I Didn’t Become an Engineer to Write Prompts.
2 min readThis is the golden era of engineering.
This is the best time to be a developer.
I’m building 100 ideas. I’ve never felt this powerful and productive.
I keep reading and hearing these statements.
And honestly? I can’t relate.
I’m an engineer who just wants to write code for my job, solve real problems, get recognized for my problem-solving skills — and that’s it. I’m not into building endless side projects. I’m not excited about “just create things because AI exists.” That hype doesn’t move me.
For someone like me, when AI starts doing most of the job I trained for, this doesn’t feel like a golden era.
My motivation to go to work or even log in every morning came from knowing I was doing something that only a small percentage of humans could do well. That’s what made it meaningful. That’s what made it worth it.
Now? It feels like it’s just a prompt away.
And that slowly pulls me away from engineering instead of pulling me deeper into it.
When I bring this up with fellow engineers, I hear the same responses every time:
1 . “But AI code isn’t that good.”
2 . “We still need experienced engineers to tell AI what to do.”

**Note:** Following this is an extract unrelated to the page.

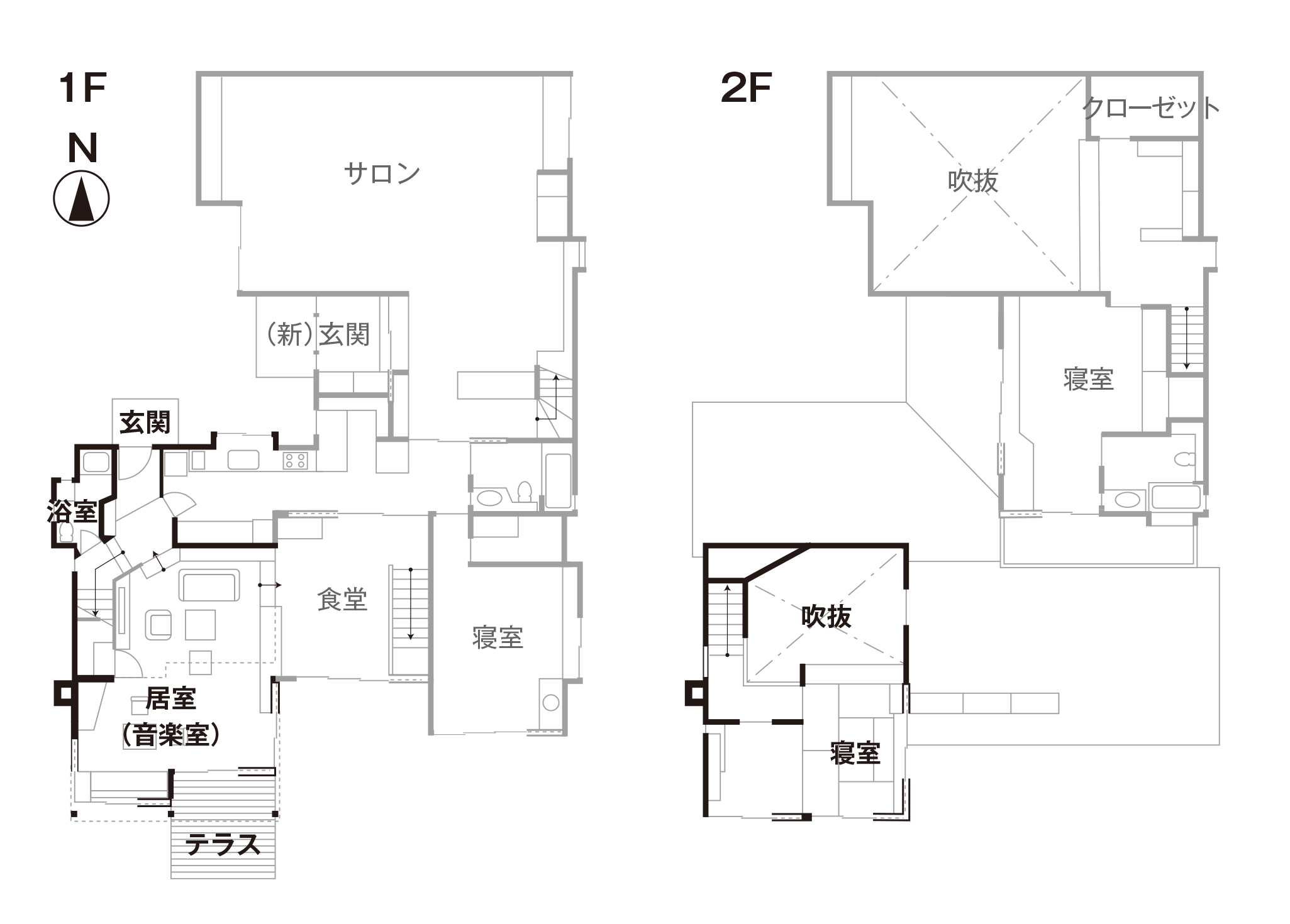 園田からあがった唯一の要望は「グランドピアノを2台置いて弾けること」。そのほかはすべて、吉村に一任されたという。玄関から入って正面にある、斜めに設えられた壁の引き戸を開けると、ピアノ2台が並べられていた吹き抜けの空間が現れる(上記図面の「居室」部分)。この音楽室の床は、踏み石のような段で玄関から2段下げられ、庭先のテラスへとスムーズにつながっている。

3 . “Think of AI as your junior.”
4 . “Performance isn’t great yet.”
Hear me for once - all of these arguments collapse the moment leadership decides speed matters more than quality.
The moment someone says, “We need to ship faster. AI is there, right?” The moment estimations get cut because “you can just use AI.” The moment scaling issues happen and the answer is, “Can’t we just make AI handle it?”
That’s when the philosophical defense of craftsmanship dies.
It’s not about whether AI code is perfect. It’s about how organizations use it.
And right now, it feels less like empowerment and more like replacement.